The response returned from this package is a `StealthResponse`, which has all of the same methods and attributes as a standard `requests` response object, with a few added features. One of these extra features is automatic parsing of header metadata for HTML-based responses. The metadata can be accessed from the `meta` attribute, which gives you access to the following data:

- title: str
- description: str
- thumbnail: str
- author: str
- keywords: tuple[str]
- twitter_handle: str
- robots: tuple[str]
- canonical: str

Here's an example of how to get the title of a page:

```python
import stealth_requests and requests

resp = requests.get("https://link-here.com")
print(resp.meta.title)
```

### Parsing Responses

To make parsing HTML easier, I've also added two popular parsing packages to Stealth-Requests - `Lxml` and `BeautifulSoup4`. To use these add-ons you need to install the `parsers` extra: `pip install stealth_requests[parsers]`.

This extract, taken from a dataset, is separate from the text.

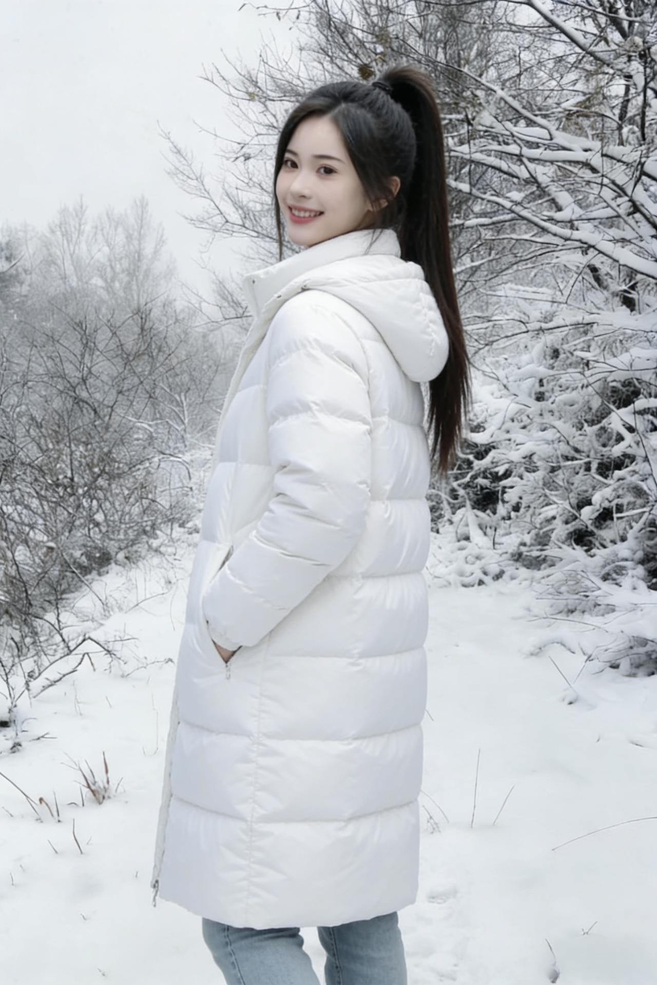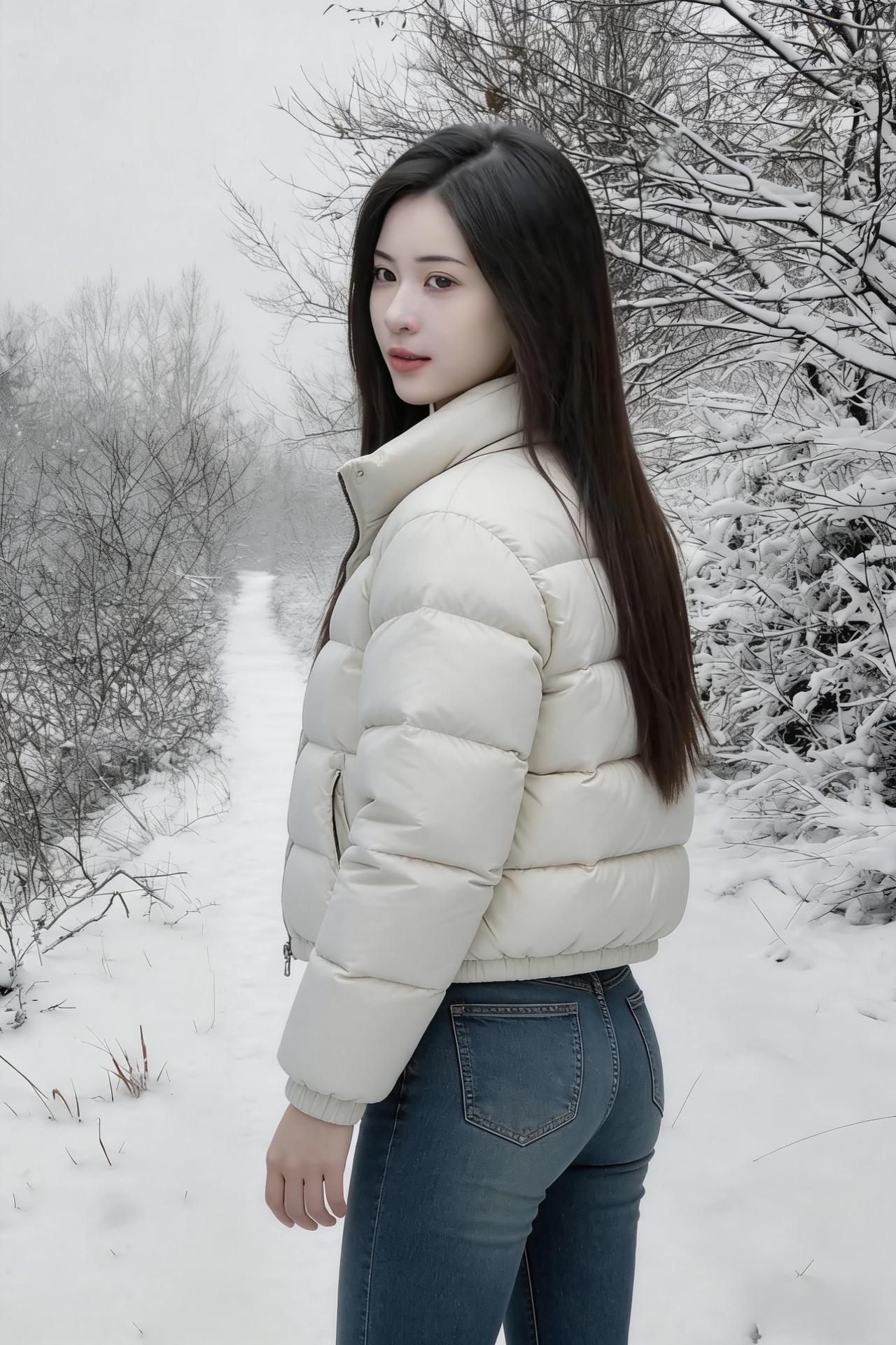 米白羽绒服裹着温柔 落在雪林的冷意里 牛仔裤的硬,撞着雪的软 像刚与柔,在冬里相遇 ~ 枯枝的枝桠,刺向灰天 她的侧影,却柔化了这尖锐 目光斜斜,与镜头对望 像在说,冬也有温柔的扉 ~ 雪落在衣上,积成薄绒 她的指尖,未触到雪的寒 米白是冬的柔光 披在她身上,暖了整片林峦 ~ 雪径的白,衣的白,融成一片 她是雪林里的序章 写着温柔,写着期盼 写着春,就在不远处的山岗

To easily get an Lxml tree, you can use `resp.tree()` and to get a BeautifulSoup object, use the `resp.soup()` method.

For simple parsing, I've also added the following convenience methods, from the Lxml package, right into the `StealthResponse` object:

- `iterlinks` Iterate through all links in an HTML response
- `itertext`: Iterate through all text in an HTML response
- `text_content`: Get all text content in an HTML response
- `xpath` Go right to using XPATH expressions instead of getting your own Lxml tree.

### Getting HTML response in Markdown format

In some cases, it’s easier to work with a webpage in Markdown format rather than HTML. After making a GET request that returns HTML, you can use the `resp.markdown()` method to convert the response into a Markdown string, providing a simplified and readable version of the page content!